Write each line below back out exactly, omitting its pictures.

Start of Given material

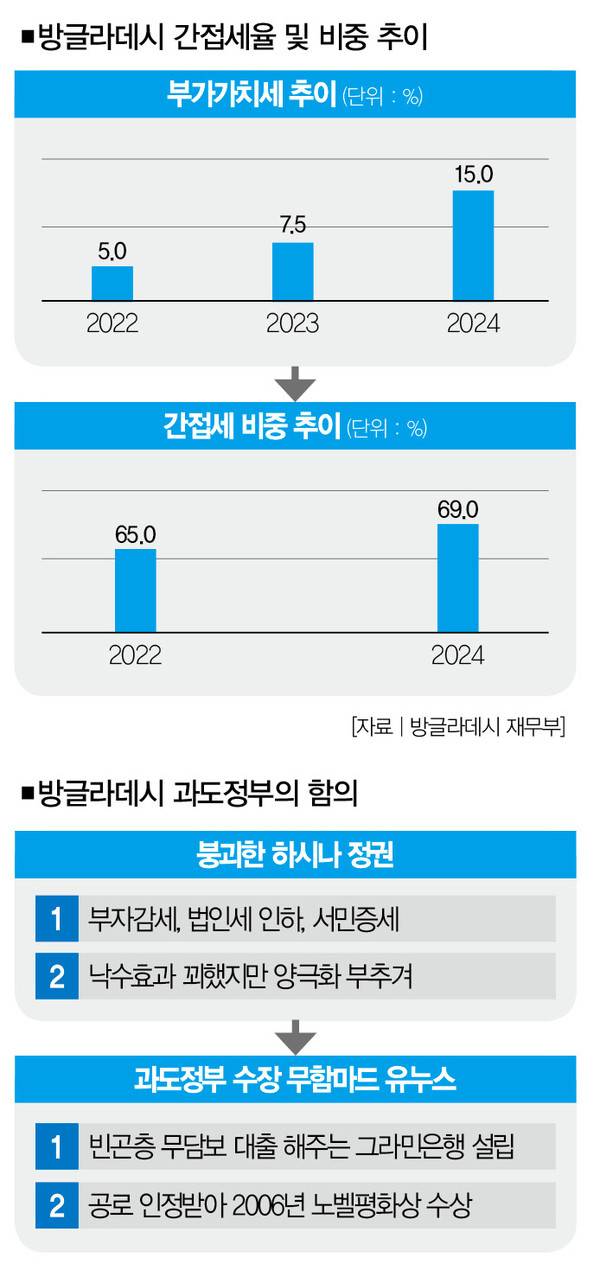 ■ 불평등 굳히기=부자감세와 법인세 인하로 부족해진 세수는 불평등을 조장하는 간접세로 해결했다. 방글라데시 집권세력은 소득이나 재산의 규모와 상관없이 부과하는 부가가치세 세율을 2022년 5%에서 2023년 7.5%로, 올해엔 15%로 상향 조정했다. 이에 따라 전체 세금에서 간접세가 차지하는 비중은 2021년 65%에서 2023년 69%까지 커졌다.
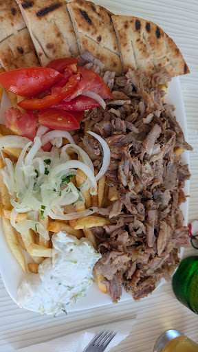 Having seen good reviews, we chose this place for our first gyros on our holiday. We ordered the pork gyros portion each, with a generous amount of tsatziki (having skipped breakfast and lunch). We got our beers promptly, and, a short time later, we got our food. Initially, it looked amazing, with the exception of the disproportionately small amount of tsatziki. We then found that when we delved into the gyros, there was just a covering of it over the fries, as well as half the plate solely being fries. The ratio must have been 70% fries to gyros. The tsatziki was soon depleted, necessitating extra being ordered. The €3 portion that I received, after a wait of more than 10 minutes, was around 4 times more that the original amount on our plates.
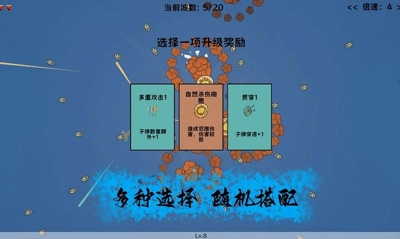 《细胞防线》是一款围绕人体免疫细胞对抗外来病原体展开,结合了塔防与rougelike元素的畅快割草游戏~
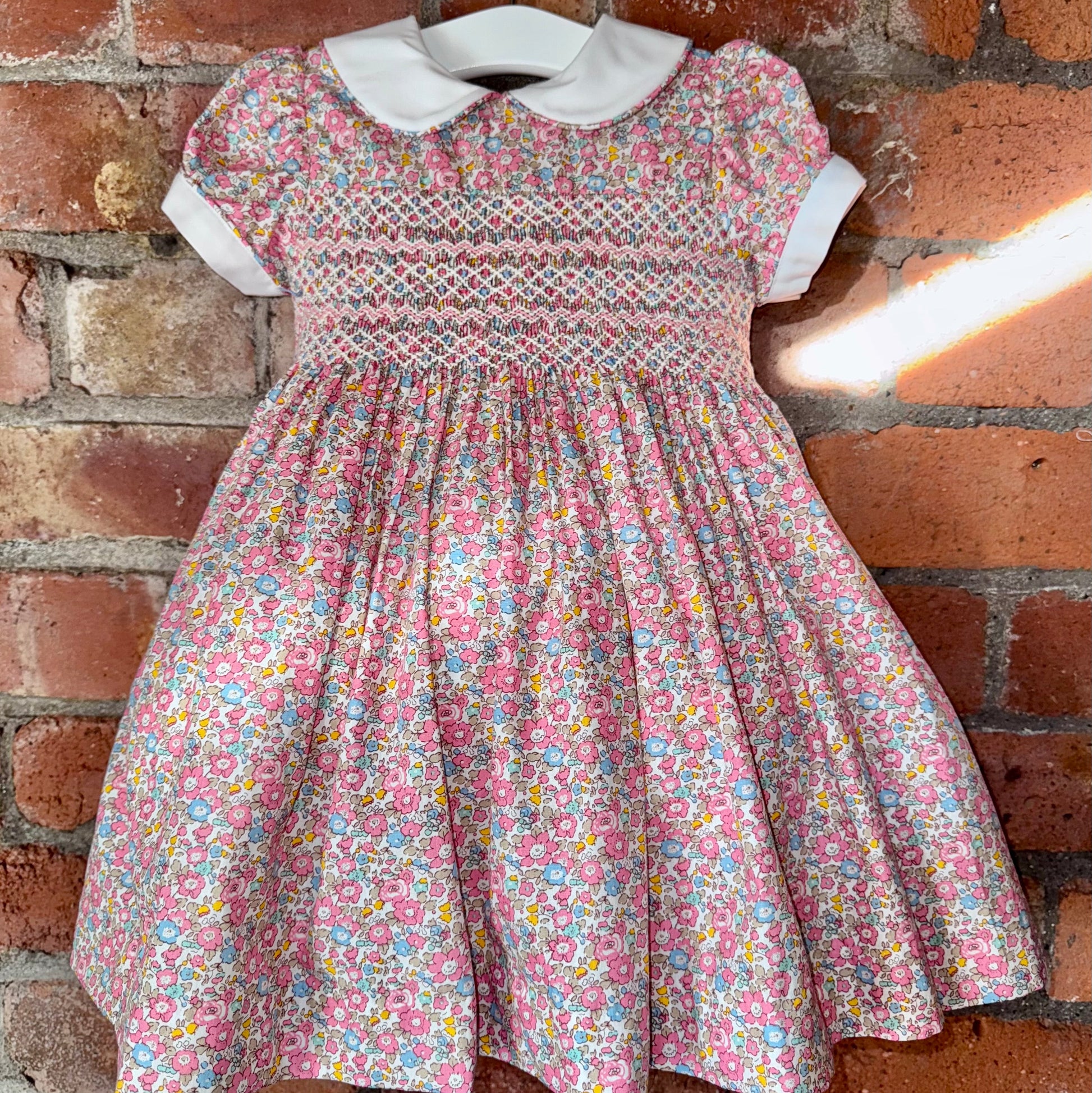 In beautiful floral with crisp white cotton collar and cuffs. Hand smocked front and back with a back waist tie.

End of Given material

● **Answer space**
 ■ 불평등 굳히기=부자감세와 법인세 인하로 부족해진 세수는 불평등을 조장하는 간접세로 해결했다. 방글라데시 집권세력은 소득이나 재산의 규모와 상관없이 부과하는 부가가치세 세율을 2022년 5%에서 2023년 7.5%로, 올해엔 15%로 상향 조정했다. 이에 따라 전체 세금에서 간접세가 차지하는 비중은 2021년 65%에서 2023년 69%까지 커졌다.
 Having seen good reviews, we chose this place for our first gyros on our holiday. We ordered the pork gyros portion each, with a generous amount of tsatziki (having skipped breakfast and lunch). We got our beers promptly, and, a short time later, we got our food. Initially, it looked amazing, with the exception of the disproportionately small amount of tsatziki. We then found that when we delved into the gyros, there was just a covering of it over the fries, as well as half the plate solely being fries. The ratio must have been 70% fries to gyros. The tsatziki was soon depleted, necessitating extra being ordered. The €3 portion that I received, after a wait of more than 10 minutes, was around 4 times more that the original amount on our plates.
 《细胞防线》是一款围绕人体免疫细胞对抗外来病原体展开,结合了塔防与rougelike元素的畅快割草游戏~
 In beautiful floral with crisp white cotton collar and cuffs. Hand smocked front and back with a back waist tie.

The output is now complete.